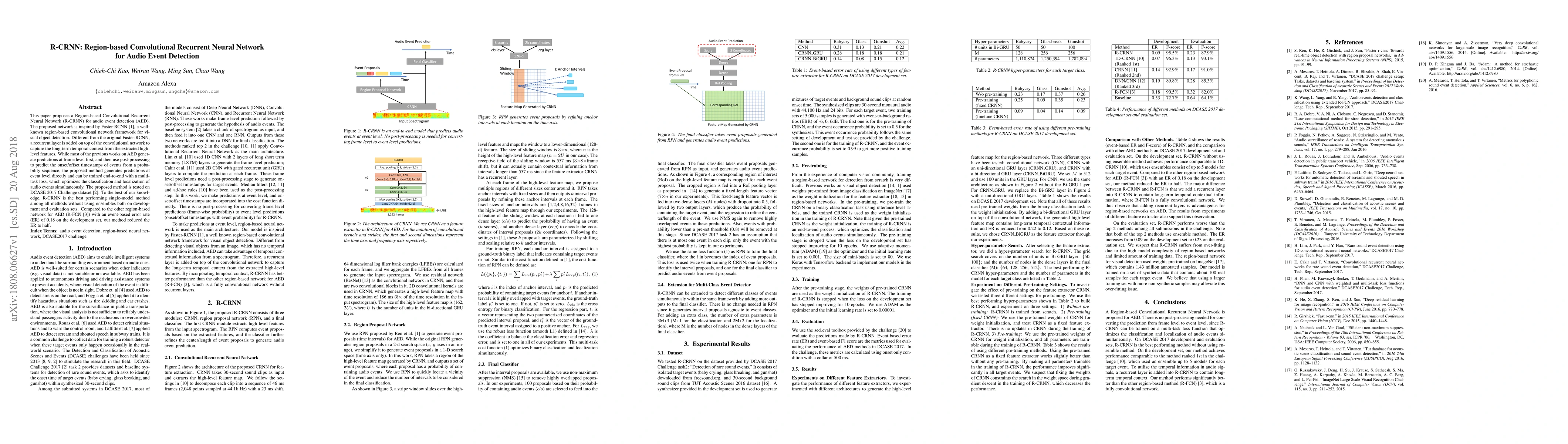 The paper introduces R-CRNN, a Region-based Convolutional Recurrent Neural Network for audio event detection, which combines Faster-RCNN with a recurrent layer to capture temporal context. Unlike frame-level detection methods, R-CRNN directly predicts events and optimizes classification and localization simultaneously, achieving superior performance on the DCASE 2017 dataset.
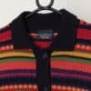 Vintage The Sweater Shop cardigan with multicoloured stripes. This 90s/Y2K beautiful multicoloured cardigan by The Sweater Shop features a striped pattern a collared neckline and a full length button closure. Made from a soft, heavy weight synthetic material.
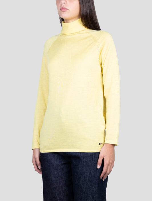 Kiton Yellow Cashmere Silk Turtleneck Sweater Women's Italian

════════════════════

● **Exercise aim**: Take the listing and print it again exactly, but without any pictures.

● **Your solution**:
 The paper introduces R-CRNN, a Region-based Convolutional Recurrent Neural Network for audio event detection, which combines Faster-RCNN with a recurrent layer to capture temporal context. Unlike frame-level detection methods, R-CRNN directly predicts events and optimizes classification and localization simultaneously, achieving superior performance on the DCASE 2017 dataset.
 Vintage The Sweater Shop cardigan with multicoloured stripes. This 90s/Y2K beautiful multicoloured cardigan by The Sweater Shop features a striped pattern a collared neckline and a full length button closure. Made from a soft, heavy weight synthetic material.
 Kiton Yellow Cashmere Silk Turtleneck Sweater Women's Italian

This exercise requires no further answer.